RECORDS:
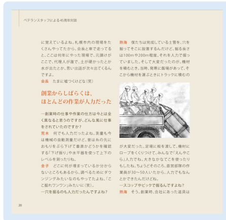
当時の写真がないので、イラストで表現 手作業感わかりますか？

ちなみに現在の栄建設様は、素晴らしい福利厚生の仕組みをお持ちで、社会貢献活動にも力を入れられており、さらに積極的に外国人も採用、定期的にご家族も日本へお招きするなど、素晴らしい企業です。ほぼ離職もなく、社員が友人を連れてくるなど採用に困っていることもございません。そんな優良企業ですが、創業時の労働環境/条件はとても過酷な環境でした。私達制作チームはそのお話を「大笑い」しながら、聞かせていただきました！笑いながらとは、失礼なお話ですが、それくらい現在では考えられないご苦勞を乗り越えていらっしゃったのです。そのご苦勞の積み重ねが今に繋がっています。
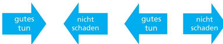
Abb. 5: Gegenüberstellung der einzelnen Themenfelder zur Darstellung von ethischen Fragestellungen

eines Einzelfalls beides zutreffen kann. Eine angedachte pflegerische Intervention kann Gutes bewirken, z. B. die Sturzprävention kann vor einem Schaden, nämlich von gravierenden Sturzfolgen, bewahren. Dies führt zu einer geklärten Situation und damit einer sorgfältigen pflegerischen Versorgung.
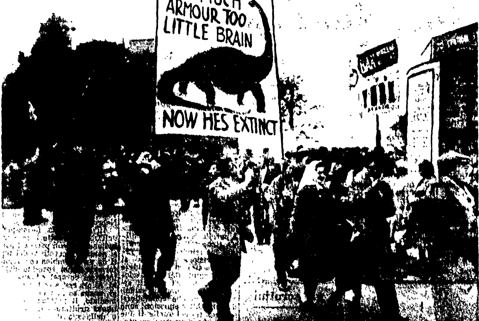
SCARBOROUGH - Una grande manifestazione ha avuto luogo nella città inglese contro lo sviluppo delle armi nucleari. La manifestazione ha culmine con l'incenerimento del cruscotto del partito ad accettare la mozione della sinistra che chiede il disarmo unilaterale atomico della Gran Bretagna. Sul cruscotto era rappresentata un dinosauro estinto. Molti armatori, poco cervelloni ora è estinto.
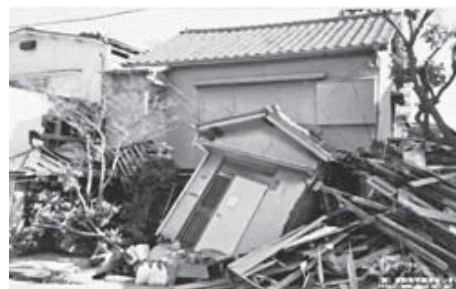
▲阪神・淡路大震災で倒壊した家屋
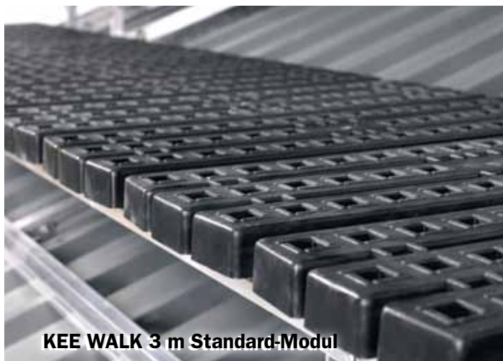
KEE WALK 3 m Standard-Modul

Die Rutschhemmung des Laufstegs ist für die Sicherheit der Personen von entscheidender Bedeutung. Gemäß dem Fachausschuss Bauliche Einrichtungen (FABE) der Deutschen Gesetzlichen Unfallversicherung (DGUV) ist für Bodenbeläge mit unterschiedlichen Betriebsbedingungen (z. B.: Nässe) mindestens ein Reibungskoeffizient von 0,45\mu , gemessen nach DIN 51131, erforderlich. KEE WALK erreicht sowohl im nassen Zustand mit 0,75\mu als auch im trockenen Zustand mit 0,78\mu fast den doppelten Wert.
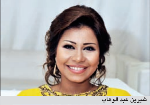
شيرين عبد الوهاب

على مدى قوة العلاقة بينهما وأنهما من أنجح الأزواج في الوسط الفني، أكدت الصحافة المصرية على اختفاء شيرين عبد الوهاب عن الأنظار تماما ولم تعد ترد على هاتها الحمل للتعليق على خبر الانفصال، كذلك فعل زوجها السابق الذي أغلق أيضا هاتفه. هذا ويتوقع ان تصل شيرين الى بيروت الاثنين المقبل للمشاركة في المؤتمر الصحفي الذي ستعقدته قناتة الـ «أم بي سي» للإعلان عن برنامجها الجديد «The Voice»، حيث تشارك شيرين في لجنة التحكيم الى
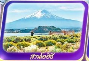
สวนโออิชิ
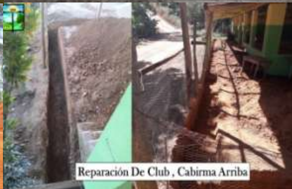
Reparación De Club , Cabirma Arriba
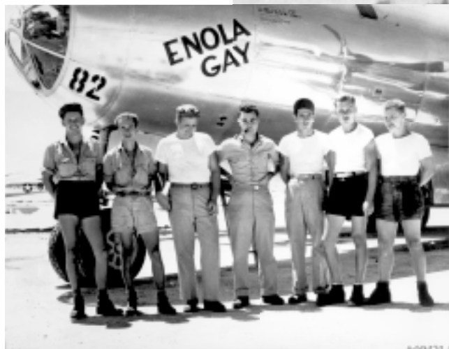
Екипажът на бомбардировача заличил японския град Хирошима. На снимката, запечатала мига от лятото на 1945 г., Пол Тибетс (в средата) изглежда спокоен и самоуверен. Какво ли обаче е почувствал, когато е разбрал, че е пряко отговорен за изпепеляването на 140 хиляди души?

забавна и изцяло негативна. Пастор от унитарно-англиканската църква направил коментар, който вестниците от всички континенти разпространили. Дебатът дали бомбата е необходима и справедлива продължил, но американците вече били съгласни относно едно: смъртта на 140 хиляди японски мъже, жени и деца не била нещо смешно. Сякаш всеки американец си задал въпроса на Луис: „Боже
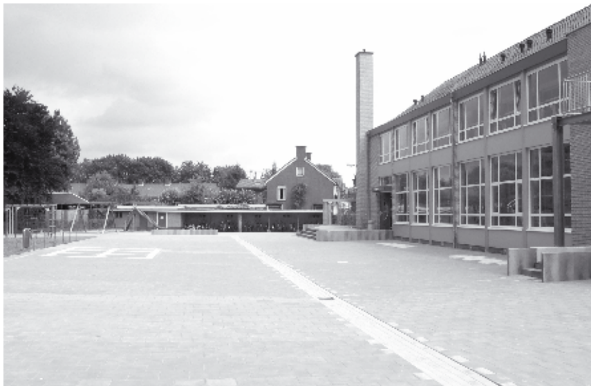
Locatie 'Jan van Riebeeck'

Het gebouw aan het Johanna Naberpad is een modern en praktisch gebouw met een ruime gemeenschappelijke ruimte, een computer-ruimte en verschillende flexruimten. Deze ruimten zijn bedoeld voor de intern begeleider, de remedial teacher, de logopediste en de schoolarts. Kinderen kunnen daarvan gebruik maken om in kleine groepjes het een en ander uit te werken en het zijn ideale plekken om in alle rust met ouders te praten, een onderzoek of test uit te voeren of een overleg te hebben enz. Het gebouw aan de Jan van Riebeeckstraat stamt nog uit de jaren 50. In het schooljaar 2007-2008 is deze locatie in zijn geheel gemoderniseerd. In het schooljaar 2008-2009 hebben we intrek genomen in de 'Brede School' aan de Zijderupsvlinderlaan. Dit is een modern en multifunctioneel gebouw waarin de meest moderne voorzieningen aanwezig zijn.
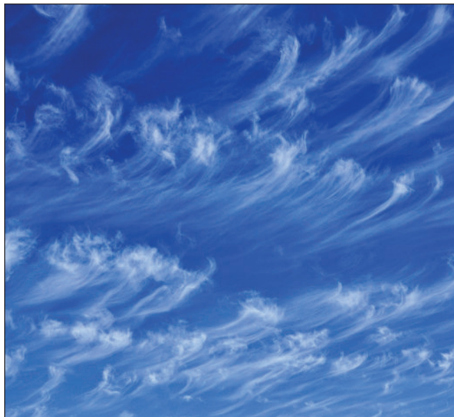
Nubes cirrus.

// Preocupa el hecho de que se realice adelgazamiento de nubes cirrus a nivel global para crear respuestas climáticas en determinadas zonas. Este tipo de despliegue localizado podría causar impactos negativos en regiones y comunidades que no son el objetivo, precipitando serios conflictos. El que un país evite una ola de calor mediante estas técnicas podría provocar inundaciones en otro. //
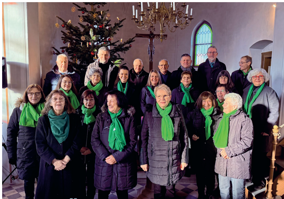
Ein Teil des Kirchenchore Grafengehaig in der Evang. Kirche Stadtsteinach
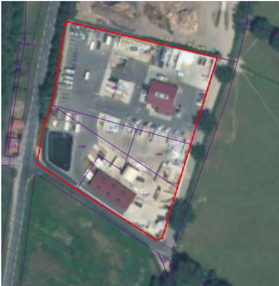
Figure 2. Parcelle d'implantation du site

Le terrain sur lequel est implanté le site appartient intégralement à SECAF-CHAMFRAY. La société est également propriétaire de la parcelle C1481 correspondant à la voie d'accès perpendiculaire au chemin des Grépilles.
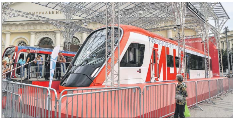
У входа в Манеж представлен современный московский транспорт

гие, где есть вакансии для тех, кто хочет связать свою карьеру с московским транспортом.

--

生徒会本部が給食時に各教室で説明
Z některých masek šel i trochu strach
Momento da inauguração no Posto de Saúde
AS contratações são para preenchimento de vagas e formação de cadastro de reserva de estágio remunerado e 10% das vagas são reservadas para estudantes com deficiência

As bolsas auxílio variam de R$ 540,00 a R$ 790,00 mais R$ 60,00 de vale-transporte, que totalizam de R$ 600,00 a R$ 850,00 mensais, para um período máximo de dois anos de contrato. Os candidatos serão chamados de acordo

* * *

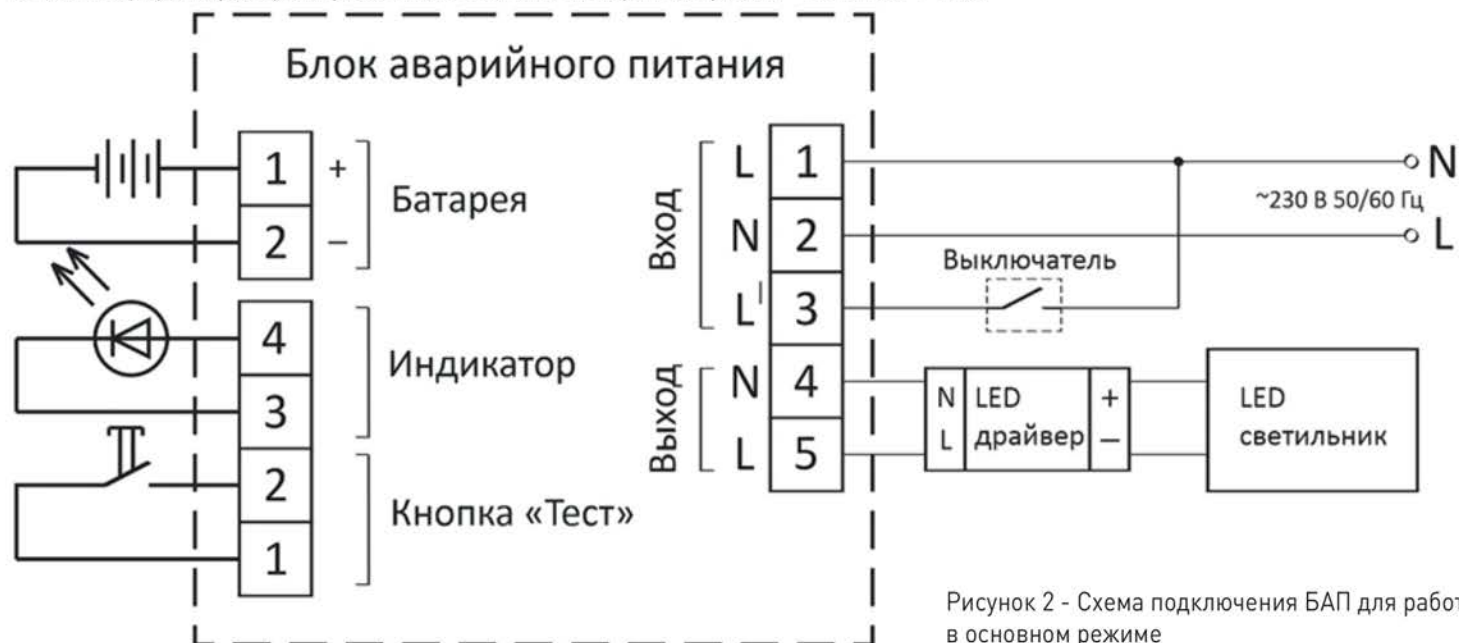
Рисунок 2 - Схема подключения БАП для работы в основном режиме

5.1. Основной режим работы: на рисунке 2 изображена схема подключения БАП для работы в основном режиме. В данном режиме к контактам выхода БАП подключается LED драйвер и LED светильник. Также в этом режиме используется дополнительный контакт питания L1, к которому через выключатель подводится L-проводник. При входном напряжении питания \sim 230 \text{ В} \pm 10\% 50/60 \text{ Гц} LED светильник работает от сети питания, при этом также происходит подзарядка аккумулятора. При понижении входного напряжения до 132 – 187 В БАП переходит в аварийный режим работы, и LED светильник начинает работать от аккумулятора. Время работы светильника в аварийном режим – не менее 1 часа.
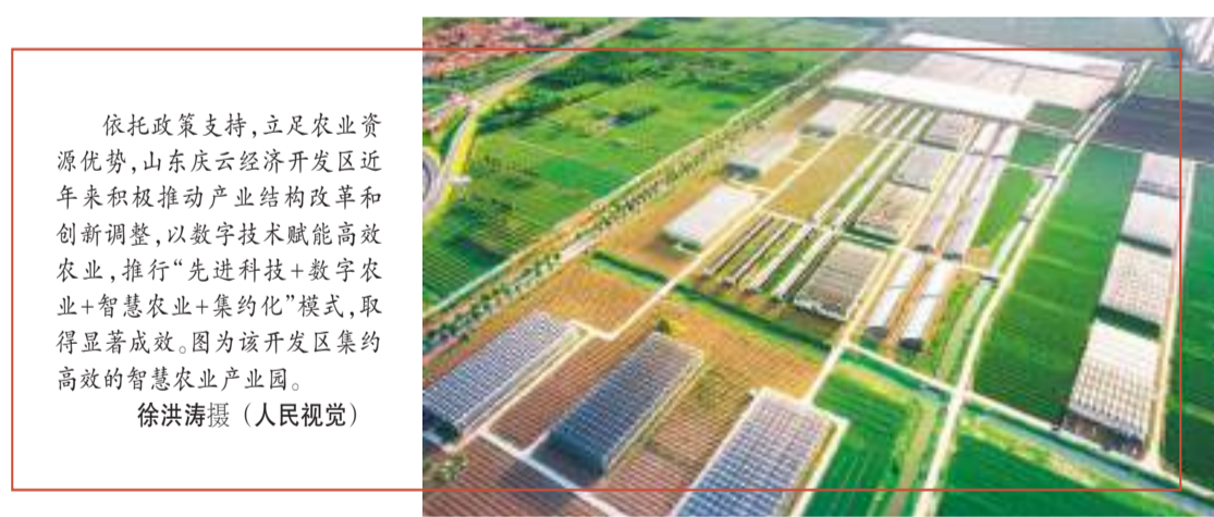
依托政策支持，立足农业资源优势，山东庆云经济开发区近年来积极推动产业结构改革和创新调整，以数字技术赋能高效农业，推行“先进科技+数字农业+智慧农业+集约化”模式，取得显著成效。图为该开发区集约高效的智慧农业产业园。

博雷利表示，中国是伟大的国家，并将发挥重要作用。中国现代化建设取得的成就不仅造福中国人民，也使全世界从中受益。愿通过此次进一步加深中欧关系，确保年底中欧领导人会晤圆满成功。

TASK INSTRUCTIONS: Would you count the lines in the data that contain the word "режиме" and state only the number?

RESPONSE: 2